Автора, по-видимому, сильно раздражает статус канонической, которым обладает эта книга, несмотря на тесную связь
с обстоятельствами возникновения и вытекающей из них невозможностью претендовать на универсальность. С. Коллини выступает против соотнесения «бесполезных» предметов с элитным образованием, а «полезных» — с массовым и за демократизм высшего образования против ценностей старого доброго времени. Привлекательность книги вызвана высокохудожественным описанием того, что называют «либеральным образованием»; душе, воспитанной так, свойственны «свобода, справедливость, спокойствие, умеренность и мудрость». Скептический автор спрашивает: возможно ли это за три года студенчества? «Нам предлагается. нечто среднее между греческим полисом, аристократическим клубом, философским семинаром и изысканным салоном», — автор вновь проявляет незаурядное мастерство в выстраивании цепочек. Идеал, выстраиваемый таким образом — без внимания к познаниям студентов и приобретенным навыкам — оказывается увлекательным, но лишенным содержания (эта бессодержательность парадоксальным образом способствует универсальности). В данной системе координат противоположностью университетского знания будет не невежество как таковое, а знание, но одностороннее. Автор подчеркивает, что старая граница между «полезным» и «бесполезным» проходит не между предметами — любой из них в той или иной ситуации может попасть в любую рубрику, — а между способами преподавания и изучения. Практические цели устаревают, но формы исследования по крайней мере вливаются в новые, более широкие.
Таким образом «университет — это защищенное пространство, в котором различные виды полезной подготовки к жизни проводятся в условиях и манере, подталкивающих студентов к пониманию условности любой частной порции знаний». Образование «релятивизирует и постоянно ставит под вопрос ту информацию, которую обучение попросту передает». Однако современному университету для своего идеала нужен голос сопоставимой литературной мощи — и пока таковой не нашелся, имеет смысл не снимать портрет Ньюмена с каминной полки.
Четвертая глава посвящена характеру гуманитарных наук. Чуткий к разнообразию и пестроте автор отмечает, что у всех наук много общего и что — коль скоро уж приходится выделять группы — границы между ними прочерчиваются по-разному не только в разных странах, но и в разных университетах одной и той же страны.
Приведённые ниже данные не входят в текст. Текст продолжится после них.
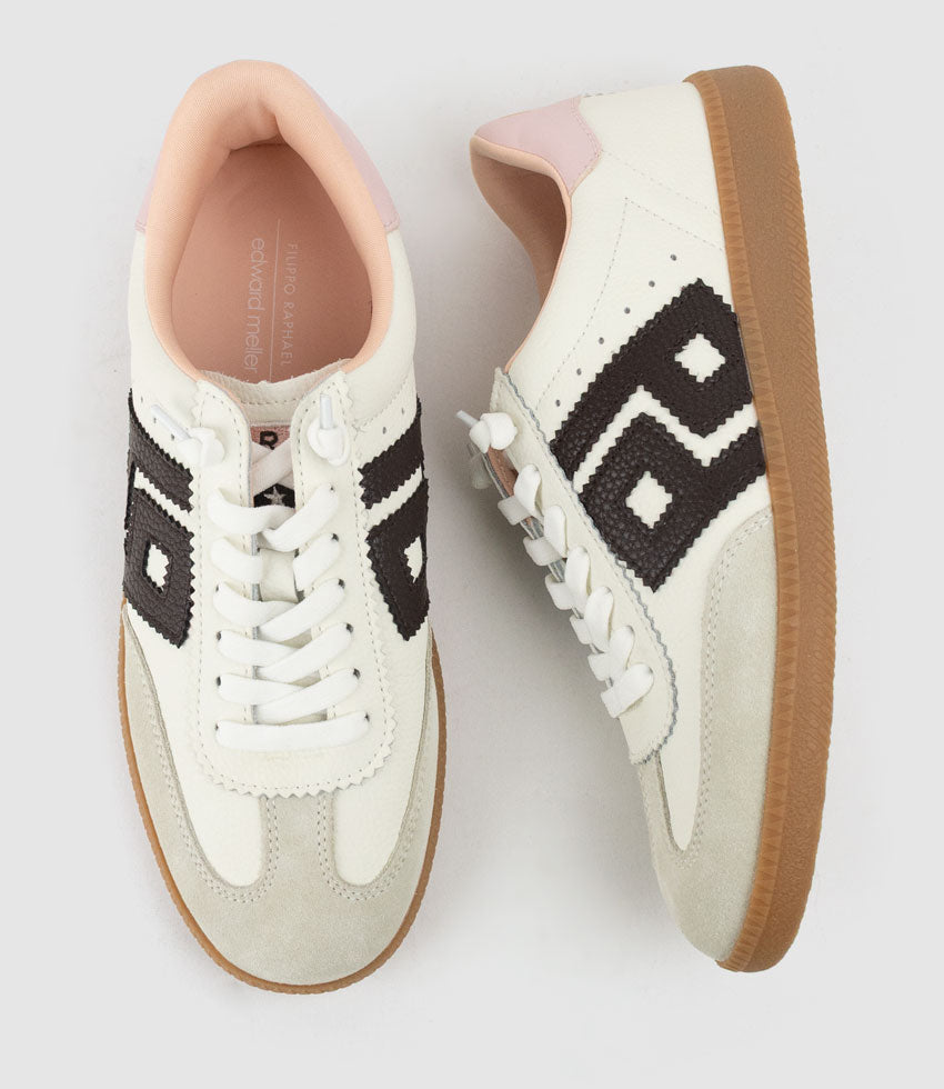 The JESTER sneaker by Filippo Raphael for Edward Meller blends sporty charm with refined craftsmanship. Crafted with a leather upper and fabric lining, it delivers a breathable and durable design. The removable leather-topped inner sole enhances comfort and versatility, making the JESTER an effortlessly stylish choice for everyday wear. Perfect for pairing with both casual and elevated looks.

Способы классификации зависят не только от пространства, но и от времени. Определение дается следующее: «Сегодня наименование „гуманитарные науки" охватывает собрание дисциплин, которые пытаются понять, невзирая на границы времени и культуры, действия и творения других людей, рассматриваемых в качестве носителей смысла, причем акцент ставится на предметы, связанные с индивидуальной или культурной отличительностью, а не на предметы, которые доступны прежде все-
го для описания в чисто статистических или биологических категориях».
Но если материал исследования примерно один и тот же, а появление нового — большая редкость, то чем, собственно, занимаются гуманитарии? Предаются, — отвечает автор, — состоянию интеллектуальной неудовлетворенности. Забегая вперед: проблематизация осуществляется не только с помощью нового материала, но и с помощью нового языка описания. Все добытое имеет лишь промежуточное значение (чуть раньше С. Коллини полагал способность к проблематизации отличительной чертой любого университетского знания вообще, и вряд ли он последователен, формулируя похожие тезисы для специфики гуманитарных наук). Мы стараемся приобрести старинные уши, но это мы стараемся, и суждения и восприятия столетней давности для нас недоступны (автор этих строк, при всей невозможности что-либо доказать, с этим тезисом поспорил бы). Ландшафт академических исследований расширился благодаря вопросам гендера и сексуальности. Споры о методах затрагивают порой глубинные вещи, но реакцией должно быть не обвинение гуманитарных наук в несостоятельности, но «признание того, насколько тесно работа в таких областях связана с самыми важными аспектами человеческого бытия». Отсутствие согласия здесь — фактор фундаментальный. Тут трудно обойтись без радикально левого выпада: «исследователи не могут и не должны быть свободны от интеллектуальных изменений, обусловленных жизнью в более разнородном обществе, в котором предпосылки, разделяемые некоторыми традиционными элитами, больше не пользуются безусловным одобрением». Правый упрек в политизации (и даже коррумпированности) отводится с этих же позиций: политические аспекты могут пребывать в латентном состоянии там, «где господствующий дискурс не встречает сопротивления». Забегая вперед, скажем: С. Коллини требует от университетских преподавателей активной гражданской позиции, что отличает их от независимого исследователя, поскольку их дело — кого назначать на должности, что должно преподаваться по программе и т. д.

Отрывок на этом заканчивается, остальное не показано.